Jesse Pepper’s Potato SaladServe this alongside rich and delicious main dishes. And if you have no main dish, add more meat.
- 12 large russet potatoes
- 6 cups water
- 1/2 cup vinegar
- 12 eggs
- 1 large white onion
- 1 large red onion
- 2 cups celery
- 3 large dill pickles
- 3 cups mayo (they use Best Foods, aka Hellmans, with which one can’t go wrong)
- 3 cups sour cream (use normal, not cultured sour cream, which is too thick)
- 1/2 cup mustard
- 1/4 cup minced fresh dill (not to be a troublemaker here, but I use a lot more)
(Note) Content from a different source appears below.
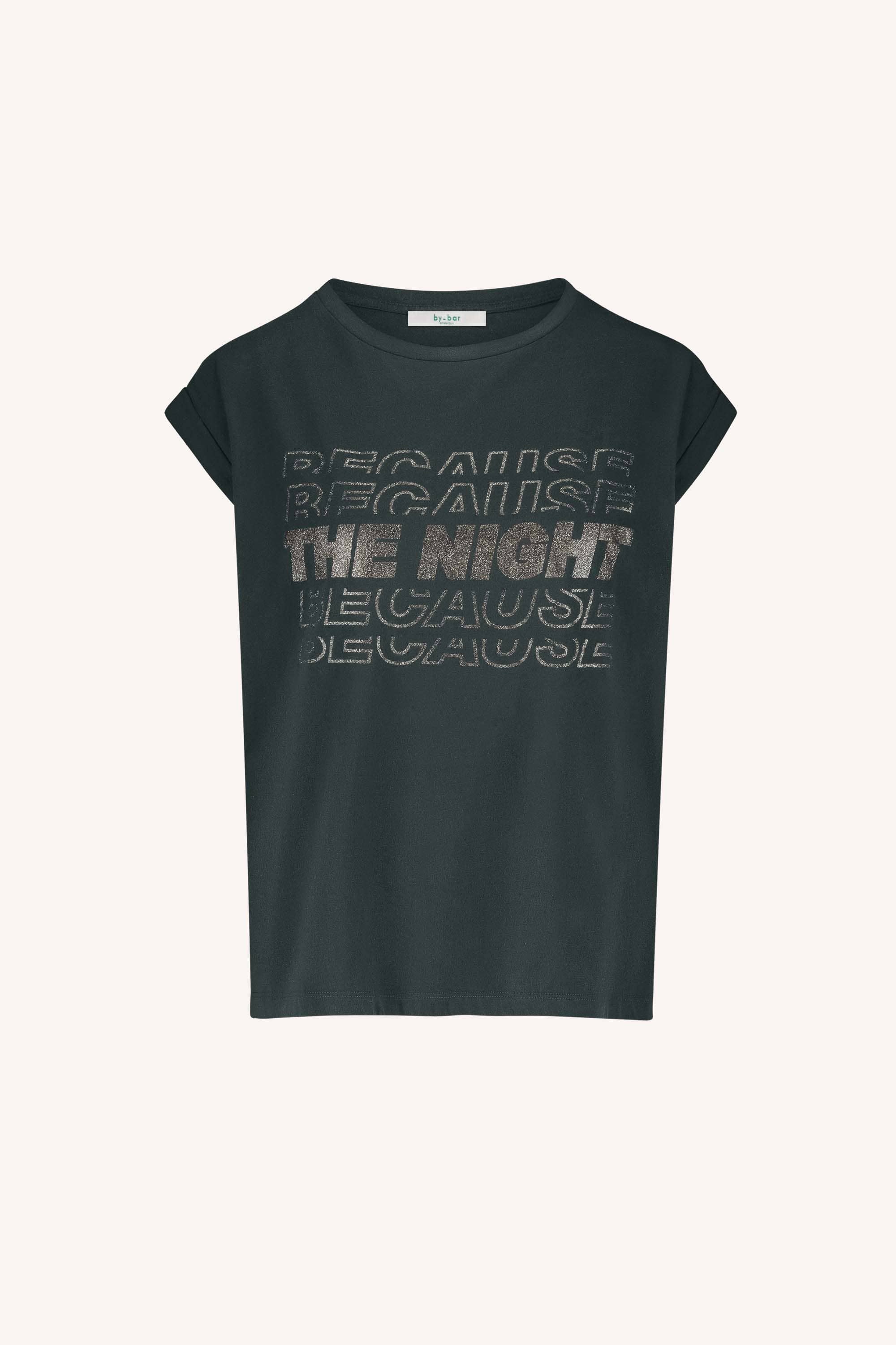 Top van By-Bar met korte aangeknipte mouwen, ronde hals en glimmende tekstprint op de borst. Materiaal: Organisch katoen 100%

- 2 cups chopped pork belly, bacon, burnt ends, or other succulent meat
- 2 tablespoons salt
- 2 tablespoons black pepper
In a small pot, bring the water and vinegar to a boil. Add the eggs, return to a boil, and boil for 10 minutes, then move the pot to the sink with the cold water on. Pour out the hot water and flush with cold water. Then add ice and let them cool.
Start chopping all the other vegetables into medium dice, by which point your eggs will be ready to be peeled and cut into 8 pieces each. Store these in the fridge until the end. Wash off your eggy knife and cutting board.
Add the mayo, sour cream, and pickles to a food processor or blender, and whizz for about 90 seconds, until the pickles are atomized.
Add the onion, celery, mustard, dill, meat, salt, and pepper to a large mixing bowl and thoroughly combine. Add the pickle mayo and mix again. Add the potatoes, and gently mix, lifting from the bottom and carefully folding it over, so nothing gets mushed.